Bettye Wilson says the reasoning is simple: It’s about opportunity and giving deserving students a chance to make an impact with their lives.

That’s why the UAB African-American Faculty Association (AAFA) is establishing an endowed scholarship.

“We’d like to have a legacy at UAB and do something to help those students who are here,” explains Wilson, president of the AAFA and associate professor in the School of Health Related Professions. “It’s important to us to support students.

“We want to honor those deserving students who choose UAB to further their education.”

Initial fundraising for the endowment campaign began with a May 4 luncheon in the Henley Room of the Sterne Library. The event was organized by the AAFA Scholarship Committee. Lisa Gary (Public Health) and Linda Harris (Sterne Library) were co-chairs of the luncheon, with assistance provided by Heather Martin (Sterne Library), Michael Fitts (Lister Hill Library) and Askhari Hodari (Arts & Humanities).

Significant contributions were made at the lunch by AAFA members and other attendees; donations totaling $4,530 have been received to date. The AAFA goal is to reach the endowed fund level with a minimum $25,000 and then to encourage continued contributions each year after completion of this goal.

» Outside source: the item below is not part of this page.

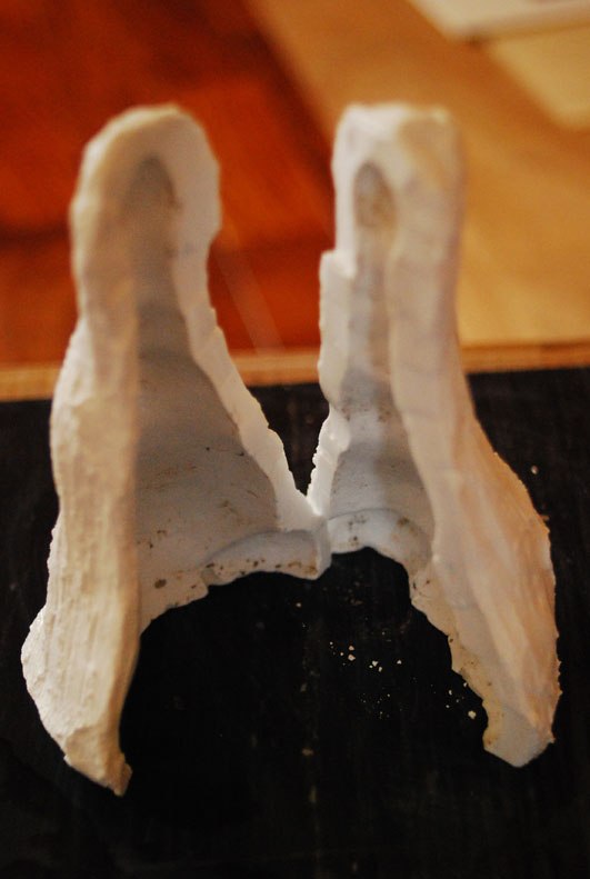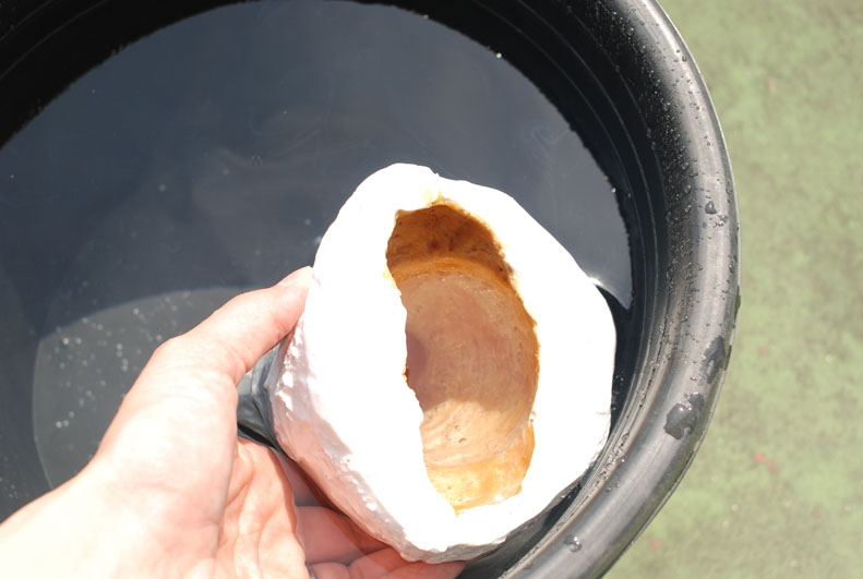 切り金のところで二つにに割り、中身の粘土を取り除きます。

Provost Eli Capilouto, who was among those in attendance at the meeting, says he was moved by the remarks of AAFA Scholarship Committee co-chair Carolyn Walden, librarian at Sterne Library, and by the personal donations made that day by Wilson and Fred Wallace, an associate in the department of surgery and co-chair of the AAFA Scholarship Committee. Capilouto says the endowment provides a great opportunity for the AAFA and UAB.

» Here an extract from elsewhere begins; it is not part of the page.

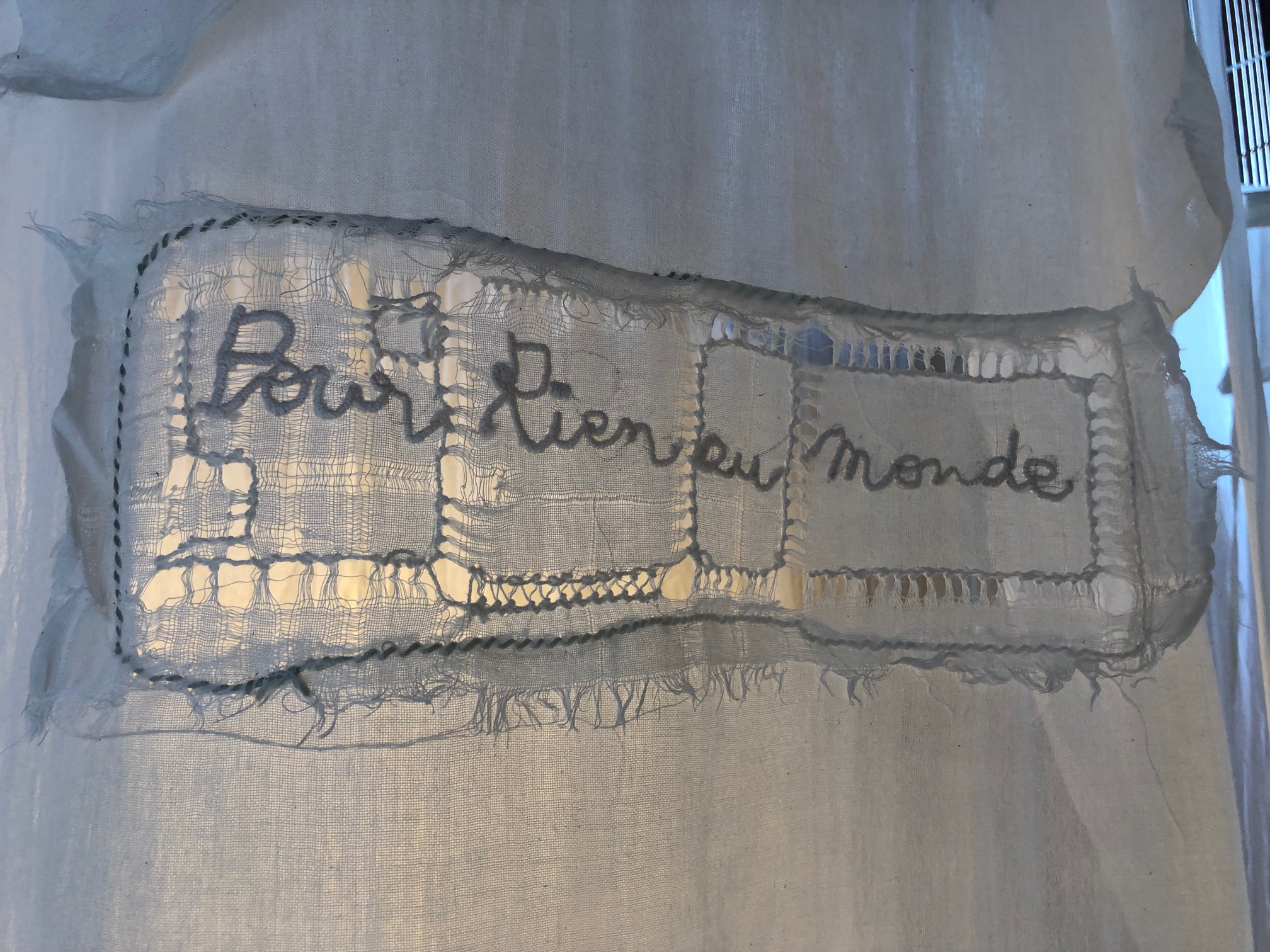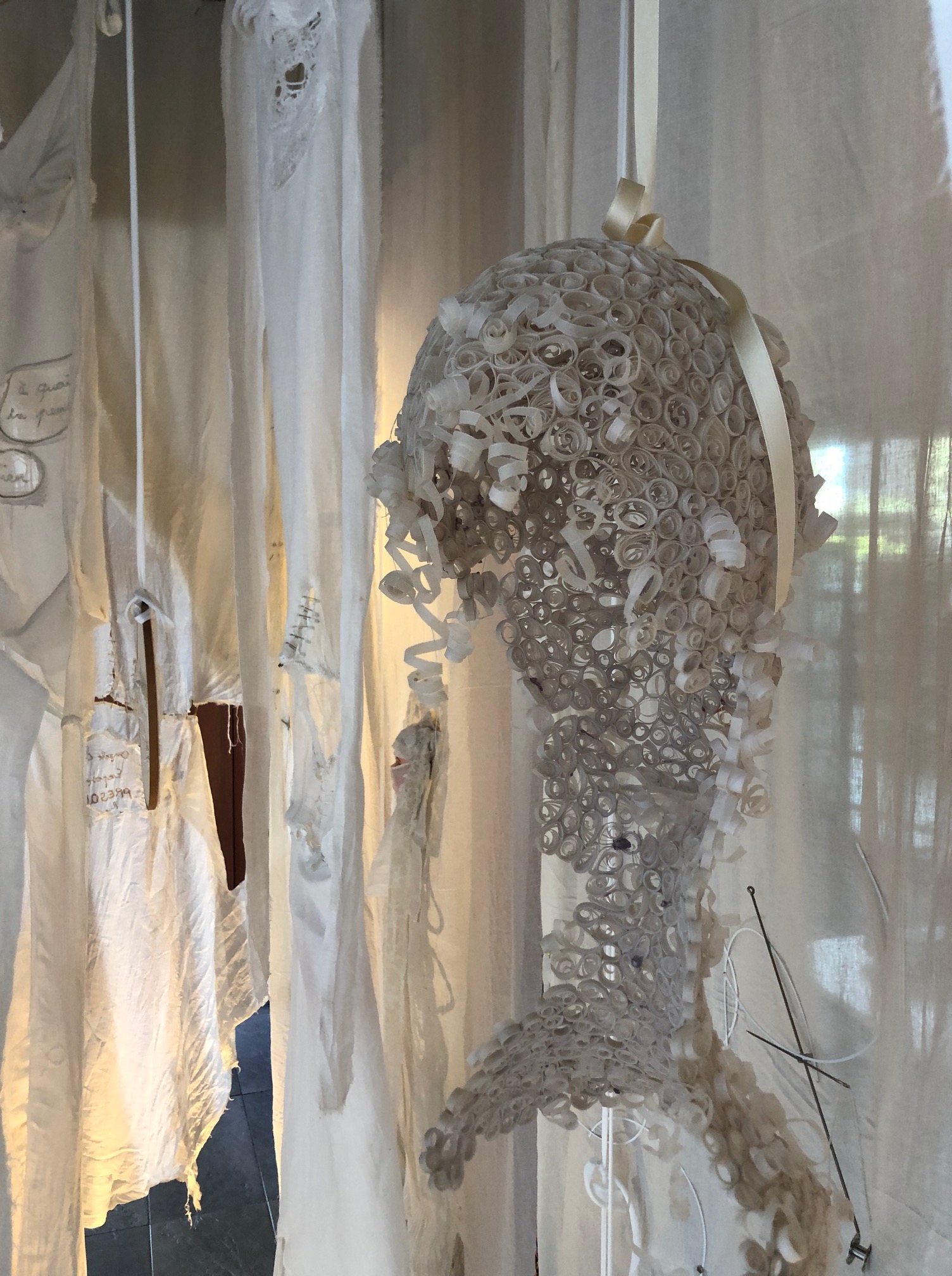 Cette installation est aussi un hommage à toutes ces femmes, mères, grands-mères qui accommodent ( raccommodent ) notre quotidien, avec des restes, des petits riens qui illuminent nos vie, et qui sont autant « de madeleines de Proust » dont nous nous souvenons avec tendresse.

“This generosity by the African-American Faculty Association is another manifestation of the goodness of UAB faculty,” says the provost. “The endowed scholarship will assist students for generations to come.

Besides the legacy of learning provided by the faculty, future students will be able to grow in wisdom without the distraction of financial pressures.”

AAFA history, goals
The AAFA has been in existence informally on the UAB campus for nearly 20 years and an official organization for the past three years. The association was formed for three reasons:
• To provide a forum for association among African-American faculty at UAB.
• To function as an advisory board on behalf of the African-American community at UAB.
• To support and maintain the cultural traditions of persons of African descent within the context of UAB and the Birmingham community.

The AAFA has supported numerous groups in the community in recent years, including the Birmingham Housing Authority, students who came to UAB after being displaced by Hurricane Katrina and the Black Graduate Student Association.

One of the AAFA’s objectives for the new endowment is to encourage graduates of public high schools in the Birmingham metro area to pursue their educational goals here at UAB. The endowed scholarship is also a symbol for many things, perhaps none more important than the AAFA’s commitment to making opportunities for students better at UAB.

“A scholarship endowment says we appreciate the fact that our way has been watered with tears, blood, sacrifice, hardship, inequity, injustice, struggle and conflict,” Walden remarked at the luncheon. “But it has also been nurtured and strengthened with people who cared, with leaders who made courageous decisions even though associates were uncomfortable, with teachers of all races who were fair, with family who sacrificed so we could better our lives, with friends and supporters who stood by to lift our spirits, and with faith, hope and especially love.”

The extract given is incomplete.